『私がモテてどうすんだ』1巻から8巻のネタバレ感想をレビュー。作者はぢゅん子。掲載誌は別冊フレンド。出版社は講談社。だからジャンルは少女コミック向けのラブコメ漫画。

既に発行部数は100万部を超えていて割りと人気。またアニメ化もされるらしい。そこで人気に便乗して「面白い漫画か?面白くない漫画か?」を考察してみた。


あらすじ物語・ストーリー内容

私がモテてどうすんだ1巻 芹沼花依1
(私がモテてどうすんだ 1巻)
主人公は芹沼花依(せりぬま・かえ)。二次元三次元問わず、男同士が絡んでいるのを見て妄想するのが大好きな、いわゆる腐女子。

私がモテてどうすんだ6巻 芹沼花依
(私がモテてどうすんだ 6巻)
しかもかなりのおデブちゃん。遅刻しそうな時は食パンを加えて誰かとぶつかる、みたいなことはマンガでは定番ですが、芹沼花依に至っては軽い交通事故。当然、現実の恋愛とは程遠い存在。

私がモテてどうすんだ1巻 シオンの仏壇
(私がモテてどうすんだ 1巻)
ただ自分が好きだったアニメキャラクター・シオンが作中で死んでしまう。思わず仏壇すら作ってしまうほど好きだったぐらい、芹沼花依の精神的な落ち込みはハンパない。学校も何日も休んでしまうほどであり、食欲も全く失せてしまった。

(私がモテてどうすんだ 7巻)
その結果、芹沼花依はかなり痩せてしまって、その姿たるや美少女そのもの。女性は普通痩せてしまうと胸も引っ込んでしまうものですが、そこだけは現状維持でまさかの豊満ボディー。

私がモテてどうすんだ1巻 芹沼花依4
(私がモテてどうすんだ 1巻)
そして芹沼花依はイケメン美少年たちにモッテモテ。リアル乙女ゲーのようなハーレム状態に突入。まさに「腐女子の私が男の子にモテてどうすんだ!?」みたいな感じのラブコメ漫画。だから記事タイトルも「BL(ベタすぎる・ラブコメ漫画)」に軽くなぞらえてみました。

ちなみに作者・ぢゅん子自身がゴリゴリの腐女子らしい。学生時代に母親にBL本を見つかったそうですが、「あんたの部屋にあった漫画…なんかすごいわね」と言われたこともあるらしい。いかにも中高生の男子あるあるネタですが、女子でもこんな経験があるんですね。

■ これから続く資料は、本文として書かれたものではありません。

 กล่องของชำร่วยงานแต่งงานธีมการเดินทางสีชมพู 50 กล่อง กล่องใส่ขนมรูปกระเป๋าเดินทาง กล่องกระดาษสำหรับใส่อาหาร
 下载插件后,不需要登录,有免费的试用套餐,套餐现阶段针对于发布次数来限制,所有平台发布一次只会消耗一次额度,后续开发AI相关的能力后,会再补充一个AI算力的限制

しかもそれで腐女子の趣味を止めない作者・ぢゅん子もすごい。自分だったら親に見つかったら、それ以降は親の顔がチラついて萎えちゃいます。とりあえず、アンタの娘さんはその漫画で大金を稼いでらっしゃいますYOッッッ!!!


末期的な腐女子がはなつ名言の数々

とにかく芹沼花依の腐女子末期度がハンパない。前述のアニメキャラクターの仏壇からして、相当ヤバイ。力石徹以来の笑撃…もとい衝撃。もし『東京喰種』や『テラフォーマーズ』を好きになってたら、多分お墓は何個あっても足らなかったでしょう。

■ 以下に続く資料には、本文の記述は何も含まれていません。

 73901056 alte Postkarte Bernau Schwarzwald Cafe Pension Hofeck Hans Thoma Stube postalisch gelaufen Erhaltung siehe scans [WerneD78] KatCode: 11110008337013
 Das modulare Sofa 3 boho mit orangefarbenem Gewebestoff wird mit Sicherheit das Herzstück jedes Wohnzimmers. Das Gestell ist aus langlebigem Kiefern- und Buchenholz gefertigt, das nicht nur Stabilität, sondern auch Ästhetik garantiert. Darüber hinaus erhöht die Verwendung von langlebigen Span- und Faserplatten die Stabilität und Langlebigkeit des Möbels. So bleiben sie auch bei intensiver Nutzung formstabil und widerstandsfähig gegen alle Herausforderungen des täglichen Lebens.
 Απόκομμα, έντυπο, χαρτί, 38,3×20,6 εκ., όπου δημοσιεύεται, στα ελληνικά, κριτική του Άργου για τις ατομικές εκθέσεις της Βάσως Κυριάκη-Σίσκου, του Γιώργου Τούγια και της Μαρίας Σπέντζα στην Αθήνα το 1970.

同じ講談社繋がりってことで『ダイヤのエース』のキャッチャー・御幸や『進撃の巨人』のリヴァイ兵長が好き。ただリヴァイ兵長に至っては「夫人」呼ばわり。受け攻めでいうと、いわゆる「受け」ってやつ?芹沼花依の頭の中では勝手に「掘られる側」にキャラ設定されてる。この肩書が超絶的に気持ち悪い。

私がモテてどうすんだ6巻 甲冑乱舞 朱 特別な人
(私がモテてどうすんだ 6巻)
だから割りと移り気が激しいのか喪に服してる期間も短くて、芹沼花依はすぐさま新しい好きなキャラクターを見つける。それが画像の朱ちゃん。甲冑乱舞(略して「かちゅ☆らぶ」)と呼ばれるアニメ。

私がモテてどうすんだ6巻 甲冑乱舞 擬人化
(私がモテてどうすんだ 6巻)
一見すると朱ちゃんは人間に見えますが、実はまさかの侍の鎧。だからアニメの中では殿様と合体する。もちろん変な意味はありませんが、腐女子的には変な意味で合体してるようにしか見えない。とはいえ、冷静に考えるとクレイジーなアニメですが。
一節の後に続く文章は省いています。